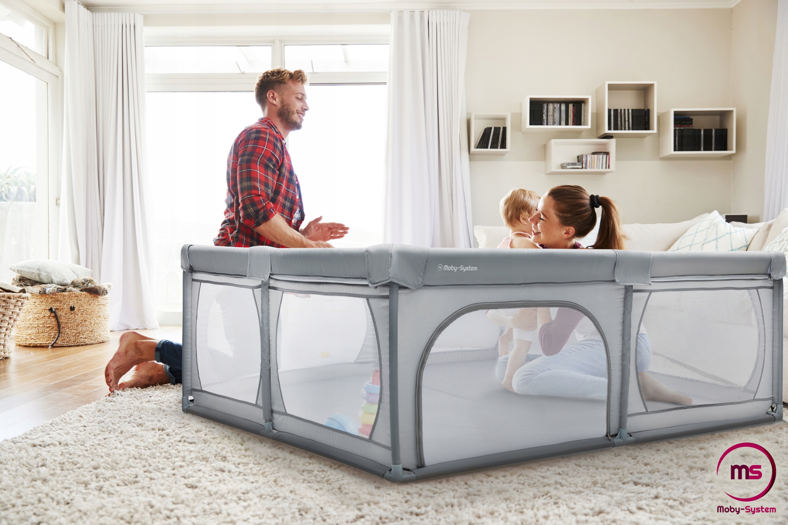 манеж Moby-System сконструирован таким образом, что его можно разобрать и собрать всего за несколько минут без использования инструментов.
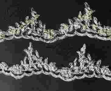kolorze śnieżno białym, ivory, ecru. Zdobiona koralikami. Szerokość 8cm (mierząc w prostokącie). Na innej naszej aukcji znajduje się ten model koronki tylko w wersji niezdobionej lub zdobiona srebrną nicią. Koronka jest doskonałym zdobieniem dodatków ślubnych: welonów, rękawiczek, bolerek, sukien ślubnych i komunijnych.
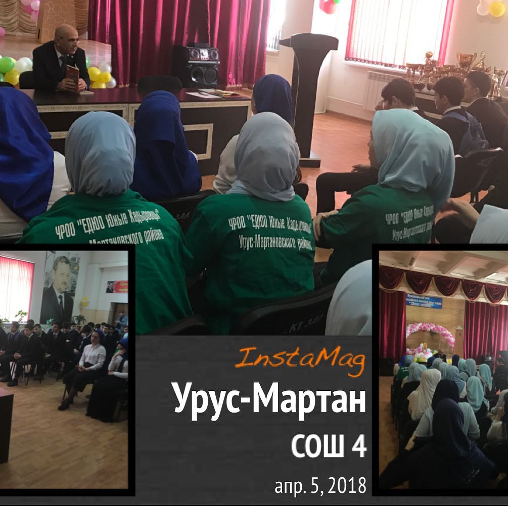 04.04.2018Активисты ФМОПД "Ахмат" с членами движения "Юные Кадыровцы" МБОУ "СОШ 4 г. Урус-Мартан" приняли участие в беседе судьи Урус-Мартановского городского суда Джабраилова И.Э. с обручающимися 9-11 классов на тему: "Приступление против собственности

------------------------------------------------

> **PROBLEM TO WORK ON**:
Reproduce the listing above exactly, excluding all pictures.

> **OUTPUT**:
 манеж Moby-System сконструирован таким образом, что его можно разобрать и собрать всего за несколько минут без использования инструментов.
kolorze śnieżno białym, ivory, ecru. Zdobiona koralikami. Szerokość 8cm (mierząc w prostokącie). Na innej naszej aukcji znajduje się ten model koronki tylko w wersji niezdobionej lub zdobiona srebrną nicią. Koronka jest doskonałym zdobieniem dodatków ślubnych: welonów, rękawiczek, bolerek, sukien ślubnych i komunijnych.
 04.04.2018Активисты ФМОПД "Ахмат" с членами движения "Юные Кадыровцы" МБОУ "СОШ 4 г. Урус-Мартан" приняли участие в беседе судьи Урус-Мартановского городского суда Джабраилова И.Э. с обручающимися 9-11 классов на тему: "Приступление против собственности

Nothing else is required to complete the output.